I recently read an interesting article in Velo Magazine over here and thought it might be an idea to test out my translating skills to produce a summary. In a week of less than stellar cycling news (Contador, Ullrich, Longo and a couple more) maybe we are in need of a hero.
Albert Richter was one of the best sprinters in the world during the lead-up to WWII. He was a 3-time winner of the Paris Grand Prix, Amateur World Champion, 7-time champion of Germany, 4-time bronze medal winner in the World Championships and twice silver medalist. He was a strong, tall, handsome athlete with blond hair and blue eyes. In short, everything the Nazi regime could dream of for their propaganda machine.
In 1933, after turning pro and feeling less and less at ease with the growing tide of Nazism in Germany, he emigrated to Paris, returning to Germany once in a while to visit his family and race. His coach, Berliner, stayed in Germany and was finding it more and more difficult to survive there. Because he was Jewish he was eventually prohibited from coaching and was the victim of intimidation and violence. Richter aided his coach by sending him winnings from races.
The Nazi authorities were furious and considered this to be an affront to Hitler himself. Scenes like the one below probably didn’t help his case much. This is Richter, just having won the German Championships in Hanover, the only one in the photo not giving the Nazi salute.
In December 1939, not long after the war began, Richter went to Germany and won the Grand Prix of Berlin. A few days later he was stopped and taken off a train at the Swiss border, smuggling money (in his tires) to another Jewish friend.
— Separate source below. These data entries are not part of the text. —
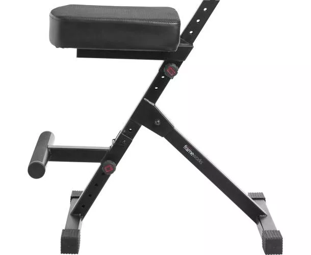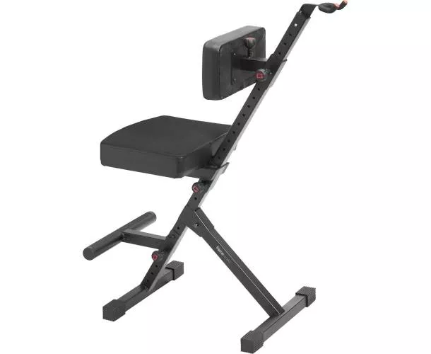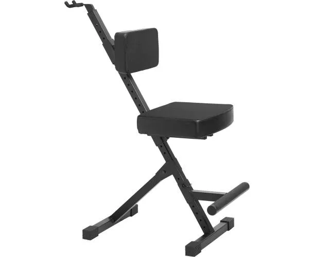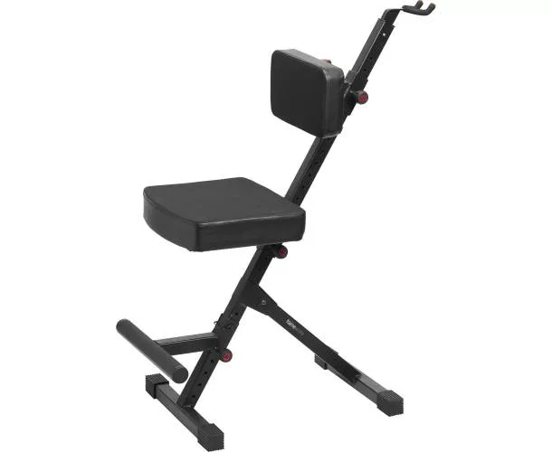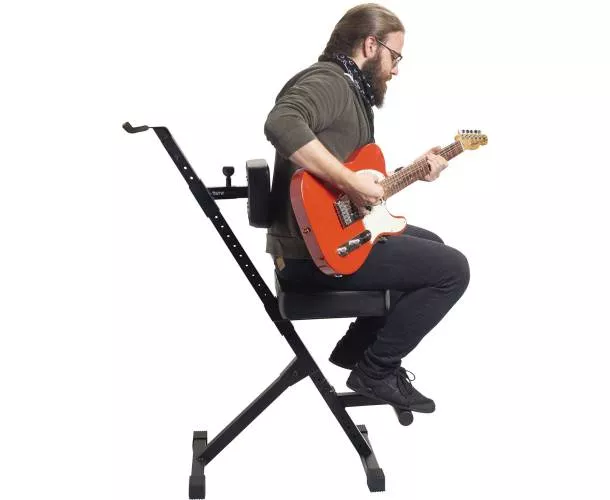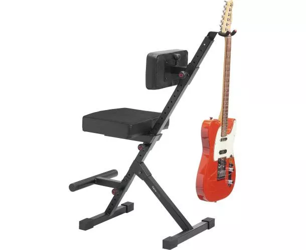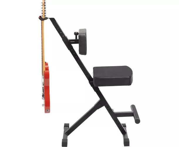 Siège de guitariste de luxe avec système de réglage en hauteur à 3 points et support arrière pour guitare.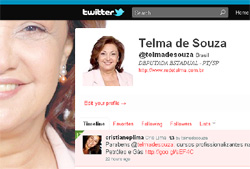 Navegadores dos principais sites de relacionamentos, as chamadas redes sociais, comemoraram a volta de Telma de Souza à Assembleia Legislativa do Estado de São Paulo - Alesp. Ela recebeu desde votos de sucesso, até sugestões para a realização de um mandato promissor. As manifestações mostram que o trabalho da parlamentar é admirado e reconhecido por moradores de todas as regiões.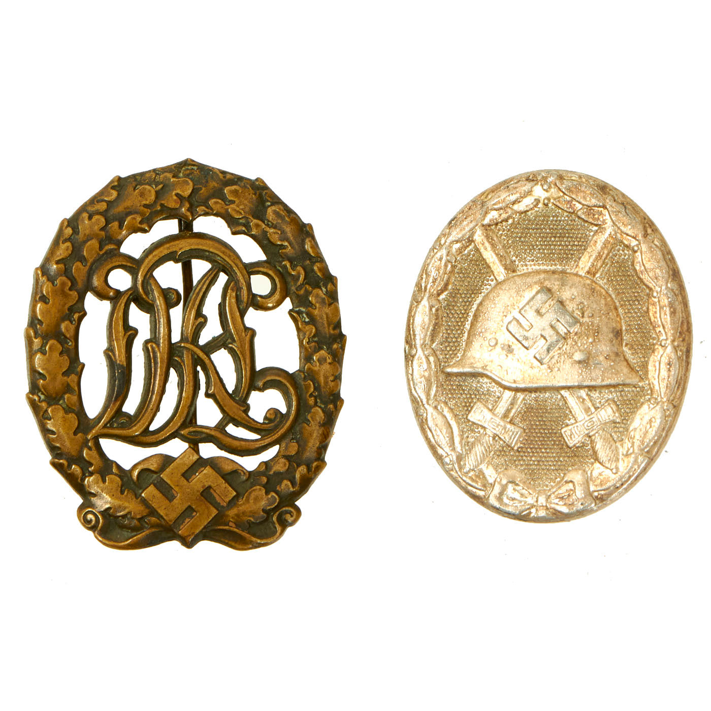 - Bronze DRL Sports Badge: The badge retains almost all original color but unfortunately the pin catch is in rough condition but is complete.
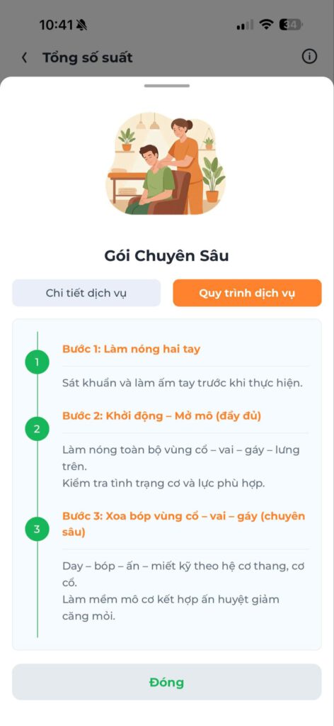 Dịch vụ được thực hiện bởi đội ngũ kỹ thuật viên có chứng chỉ hành nghề hợp lệ, được tuyển chọn, đào tạo và kiểm soát chất lượng theo quy trình chuẩn của bTaskee. Việc triển khai tại nơi làm việc giúp nhân viên được chăm sóc sức khỏe mà không làm gián đoạn hay ảnh hưởng đến hoạt động chung của công ty.

One month later he was found dead in his cell, the Nazi press saying at first that he had died skiing in the Alps, then changing it to a suicide, reporting that Richter had become overcome with guilt at trying to aid a Jew. The death was never formally registered, so the truth is still unknown. Albert Richter was 27 years old.
Richter’s story, among others, is part of a special exhibition on sport during the Nazi regime at the Shoah Memorial in Paris, running till March 18th.